Können wir einen einzelnen OAuth2-Client mit mehreren Ressourcenservern konfigurieren?

Question

Ich habe 3 verschiedene Anwendungen (Resource Server) in meiner Umgebung installiert und einer meiner Clients muss auf alle drei Anwendungen zugreifen. Was ist ein idealer Weg? Sollte ich meinen Client für jeden Resource Server separat registrieren oder sollte ich denselben Client für alle Resource Server registrieren?

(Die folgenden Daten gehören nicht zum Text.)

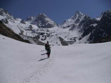 1st Day. First day trek is 11km long. It is from Sankri to Taluka. The path is covered with green trees. Sounds of flowing Har ki Doon river from the gorge below will accompany you though you will not find it all the time. The road is through the reserve forest and your will find many birds, monkeys, rabbits etc. You have to be a little cautious where the roads are broken due to landslides. But after a trek for 5 hours you will be a recharged man when you will reach Taluka, the first day stop. For accommodation you can choose between GMVN rest house and Forest Rest house. Some private hotels are there to serve you food Lunch, Dinner and snacks besides GMVN rest house. 2nd Day Start early in the morning. The path goes down by the side of Forest Rest house to the riverside. Now walk along the river on your left side. Road gradually goes up a little to reach a beautiful green camping site. Lovely place to take a break. Here you will find two paths. The right hand side path goes directly to Datmir village which is a steep one. The other one goes by the side of the river Har-ki-doon on your left side. The narrow path goes through dense forest with some places broken due to landslides. Cross these areas carefully. Suddenly you will find Gangar village on the other side of the river. It is unique village of this route. Till date Droupadi pratha is in effect in these villages. As Draupadi accepted all five Pandava brothers as her husbands, girls of these villages accept all the brothers as their husbands. Perhaps this system was introduced to prevent division of handful of agricultural lands of these remote villages. Have some dry food and water. Relax and walk for another few hours through this green mountain and you will reach Seema. From Taluka to Seema will take around 5 to 6 hours good walking. This is your second day stop and again for accommodation, there are GMVN bungalow and Forest Rest House.3rd day Today we shall take you to Har-ki- Doon valley, the most picturesque valley ever you have seen! Start around 7.30 in the morning. First you have to cross the bridge over the river. Path now goes upward with the river on your right side. Here the path is little bit steep. After some distance the left side path goes to Osla village and the other is your path way to Har-ki-doon. Go further upward and path becomes easier. Walk through the green valley. On the other side of the river a bunch of peaks appear to welcome you to the valley of Har- ki- doon. You will find Kalanag(Black peak), Bunderpunch, Swargarohini and Debasu bugiyal ( valley). The magnificent view will definitely boost up your energy. Have a cup of hot tea at the only tea stall at this remote high field and enjoy every bit of nature which we miss at our civilized life. Again start walking slowly because the path is steep here but sure you will enjoy the walk. After some more walk you will reach the top of Kalkatti Dhar, now it is almost walk on flat lands and through forest. When you cross the narrow bridge of Mataki Nullah your reach Har-ki- doon. Consult your watch and it will be around 1.00 pm. Accommodation is the same as last night, either GMVN rest house or Forest rest house. 4th Day It is a rest day. Acclimatization is required for the next part of the expedition. Har means Lord Shiva and Doon means valley. So Har-ki-doon means valley of Lord Shiva. It is great feeling to be in the valley of almighty Shiva. The valley is covered with soft green grass with colourful flowers. It is very difficult to move without destroying such little flowers. The valley is a three tier valley. At the lower tier Jamdwar glacier is seen from where Har-ki-doon nullah starts. On the top tier stands the FRH and GMVN bungalow. On the back side runs the river Mata ki- gad that is on the second tier. This is the place where you can relieve yourself of all kinds of burdens and enjoy the nature only.5th day Today we are on the second phase of Borasu Pass Expedition. First cross the river Mata-ki- gad and start climbing. After 45 minutes you will reach the point from where you can view the Har-ki- Doon valley for the last time. After taking a rest walk starts along the left side of Marinda nullah over the boulders and grassy field. To reach Mirinda Tal it would take around two hours. It is a natural water reserver created by the obstruction of the boulders. From here the path goes over boulders and glacier. Around 10.00 am you will reach Ratadore. You can camp here. But there is another good camping site which will take another one hour walk. With the sunset, chilling cold will force you to take shelter in the tent. 6th Day - Today we shall the path mostly over boulders. These loose boulders are very much unpredictable. At any time it may cause injury to you. At the end of this path we start walking over snow field. It is on the left ridge of the mountain. After crossing the first snowfield you have to climb the ridge on the right side and come down again. This place is surrounded by peaks from all the sides. This snow field is known as Shaorabira. The time is 10.00 am. It will take good 5 hours to reach Borasu Pass. It is better to camp at Lamdunga, which is another 2.30 hours walk. Definitely you have to consider the weather and permissible time limit to reach Lamdunga. Here you have to camp on a ridge from where you can see the Borasu peak. But Borasu pass is not visible from here. 7th Day- Today is the most important day of this expedition as we shall cross the Borasu pass. Early morning sunlight over Borasu peak and some other peaks will catch your eyes. Walking over snow is much easier in the morning as it remains hard till the sunrays strikes. It helps the ice to melt thus making the snow soft and walking over it very difficult. Today you have to walk over ice fields. After negotiating the first climb go to further right side and you can see the Borasu pass at a distance. The Borasu ridge is visible with some unnamed peaks in a half circle posi
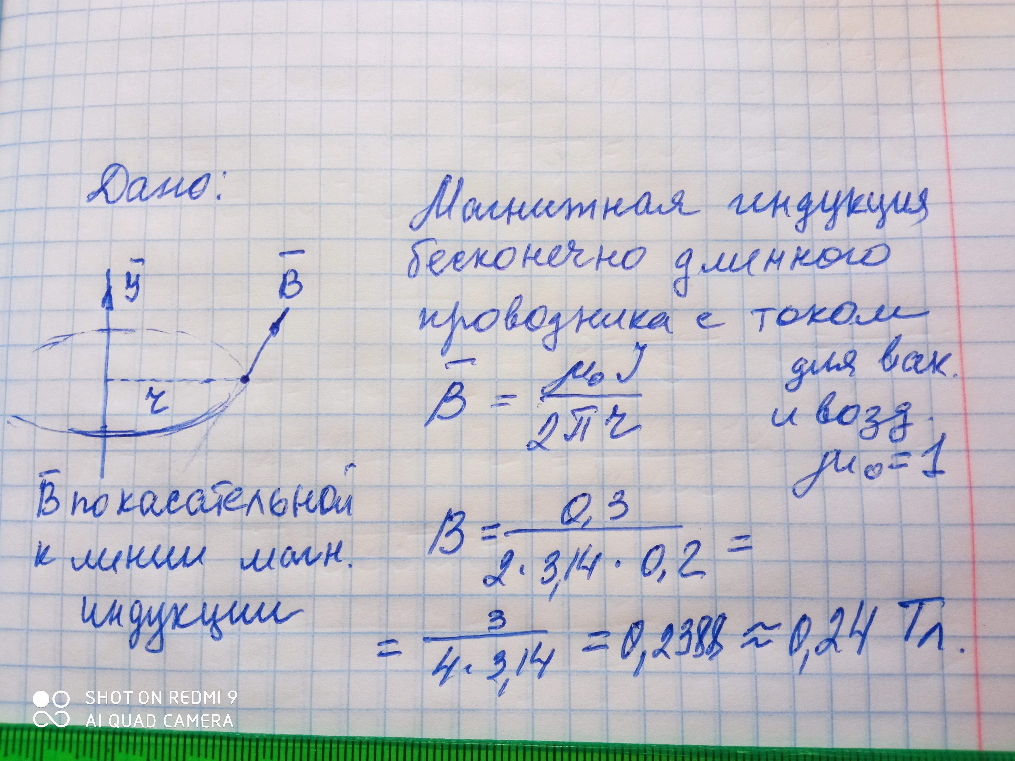 Определить магнитную индукцию в точке, расположенной в воздухе за пределами проводника на расстоянии 20 см от его оси, если ток в проводнике 0,3 А.
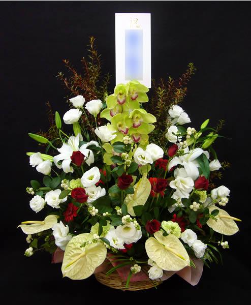 9月はいろいろとイベントが多いですが、本日は大安なのでお店のオープンや展示会などいろいろあるようですね。こちらのお花は呉服屋さんの展示会のお祝いにお届けいたしました。白のトルコキキョウベースに赤バラを入れて、紅白にしてみました。
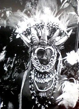 Impressionnant par la richesse de sa coiffure en plumes, ses colliers en perles et dents de chiens, ses brassards de plumes multicolores ; le guerrier, paré du gibigibi, arborait tout ce qui pouvait lui conférer une stature sur-humaine ; ayant accaparé la puissance mais aussi la valeur des animaux.

Wenn ich separat registrieren dann brauche ich drei ClientId und geheim zu halten und aber für den zweiten Fall, den ich brauche nur eine Client-Anmeldeinformationen.

Was ist der ideale Weg, um solche Situation zu behandeln? Gibt es einen OAuth-Standard, in dem sie all diese Details beibehalten haben?

Answer 1

Unter der Annahme, die Ressource-Server alle mit dem gleichen Autorisierungsserver verbunden sind, sollten Sie eine Client-mit dem Autorisierungsserver registrieren.

Wenn die Ressource-Server sind alle Teil derselben Sicherheitsdomäne (das heißt von derselben Partei betrieben wird) dann ein einziger Zugriffstoken genügt, um alle drei Ressourcen-Server zugreifen zu können.

Wenn die Ressourcenserver irgendwie von verschiedenen Parteien kontrolliert werden und Sie vermeiden möchten, dass Zugriffstoken zwischen ihnen ausgetauscht werden, sollten Sie 1 Zugriffstoken pro Ressourcenserver verwenden, jedem dieser Ressourcenserver unterschiedliche Bereiche zuordnen und Ihren Client fragen lassen für eine bestimmte über den Anforderungsparameter "scope".